Use of NORMS in the treatment of eye defects

      Due to a special enzyme nNOS concerned with neural induction, the eye which is important organ of sensing light or visual sensory system, recently Non-arteritic ischemic optic neuropathy (NAION) has been found to be associated with phosphodiesterase (PDE) inhibitors assumedly due to hypotensive effect and vasodilation, though a causal link has not been established [39,40]. As per a recent study vasodilating agents have been suggested as similar associates of NAION [36]. Similarly in another report the application of valproic acid has been investigated to increase production of NO and expression of eNOS mRNA. Thus, this compound might serve as increaser of aqueous outflow through the trabecular meshwork [41]. Latanoprostene Bunod (LBN) which is a well known topical ophthalmic therapeutic for the reduction of Intraocular Pressure (IOP) in patients with open-angle glaucoma or Ocular Hypertension (OHT) contains Latanoprost Acid (LA) linked to a Nitric Oxide (NO)-donating moiety and is the first NO-releasing prostaglandin analog. This role has been because of its participation in increasing uveoscleral outflow of aqueous humor (AqH). In this connection the recent most findings have indicated the role of NO in the IOP-lowering efficacy of LBN. Hence, confirms the link of NO with eye (Figure 4).

      Glaucoma is a common optic neuropathy indicative of progressive dysfunction and loss of retinal ganglion cells (RGCs) and their optic nerve axons leading to irreversible visual loss.

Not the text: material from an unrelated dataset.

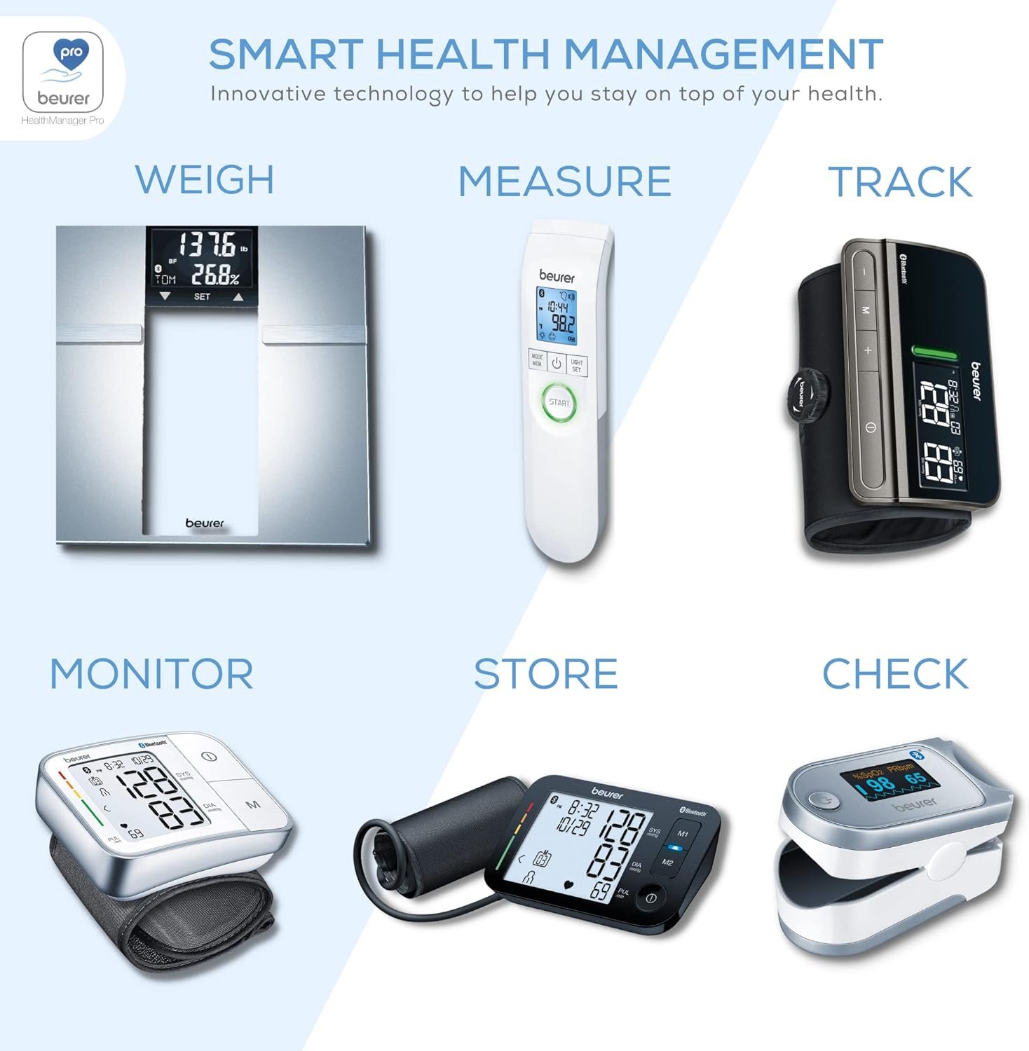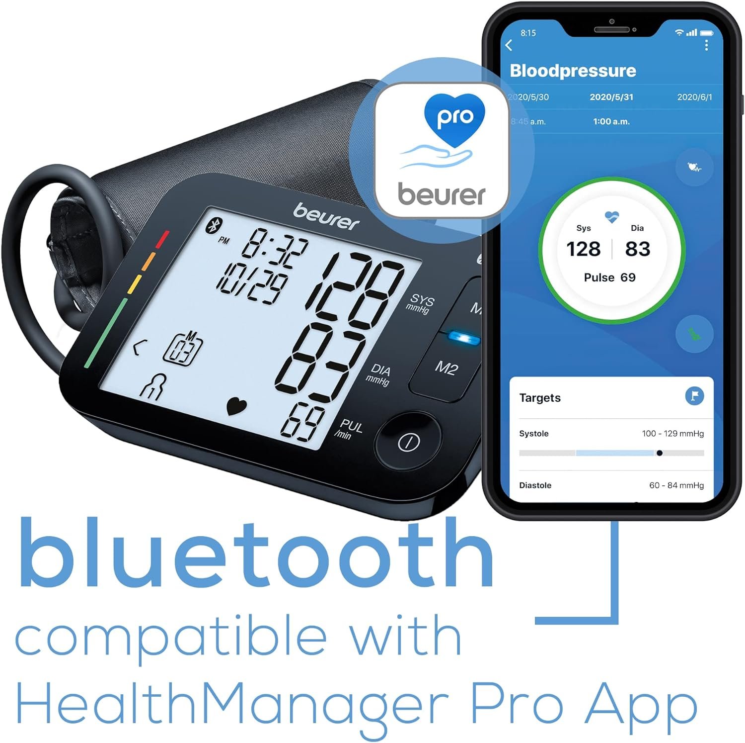 BLUETOOTH: Connect to your smartphone via our free Health Manager Pro app – unlimited digital memory through wireless transfer or 120 memory sets for up to 2 users on the device

So many risk factors have been found responsible for the disease, but increased Intraocular Pressure (IOP) continues to be the primary concern to be treated [19,21]. Reducing IOP though is not always preventive measure of glaucomatous neurodegeneration, and many patients progress with the disease despite having IOP in the normal range.There is increasing evidence that Nitric Oxide (NO) is a direct regulator of IOP and that dysfunction of the NO-Guanylate Cyclase (GC) pathway is associated with glaucoma incidence. NO has shown promise as a novel therapeutic with targeted effects that: Decrease IOP, elevate ocular blood flow and bestow neuroprotection. Ideally, novel glaucoma therapeutics would target both IOP dependent and -independent mechanisms of the disease [42-44].

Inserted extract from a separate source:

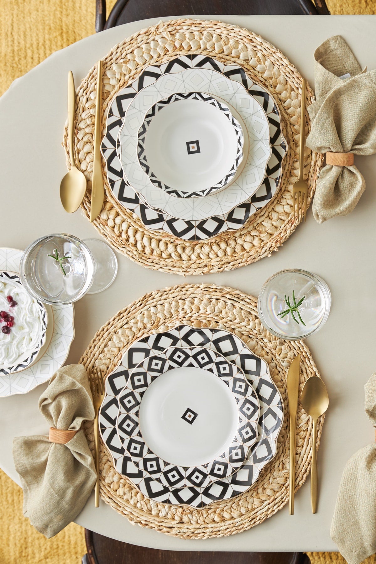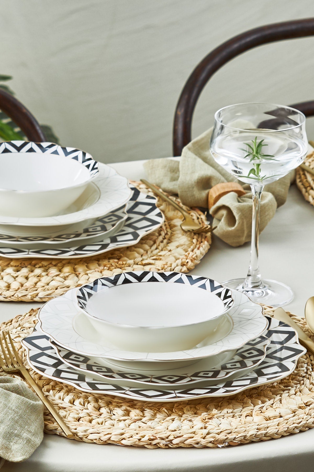 Karaca almond ethnic porcelain 24 pieces dinnerware set for 6 persons set contents 6 pieces serving plates (27 cm)6 pieces deep plates (21.5cm)6 pieces of cake plates (21cm)6 pieces of bowls (15cm)material: porcelain Improved version for clearer understanding and better search visibility. Suitable for users seeking detailed and reliable product information.

      The main finding that may be culminated from the overall literature survey is hence good news for the eyes. Since, eye is the main optical active organ connected with brain needs ultra care in treating its any malfunctioning state. Due to various unknown facts regarding the applications of NO-releasers in this regard have rendered so many quests yet to be solved. How IOP dependence can be manifested in design of target drugs. Secondly, can the nature of organic to inorganic NO releaser improve the quality of the treatment. In addition to all, the main drawbacks need to be fully addressed of each new NO-releasing molecules to fetch a safe treatment of this organ.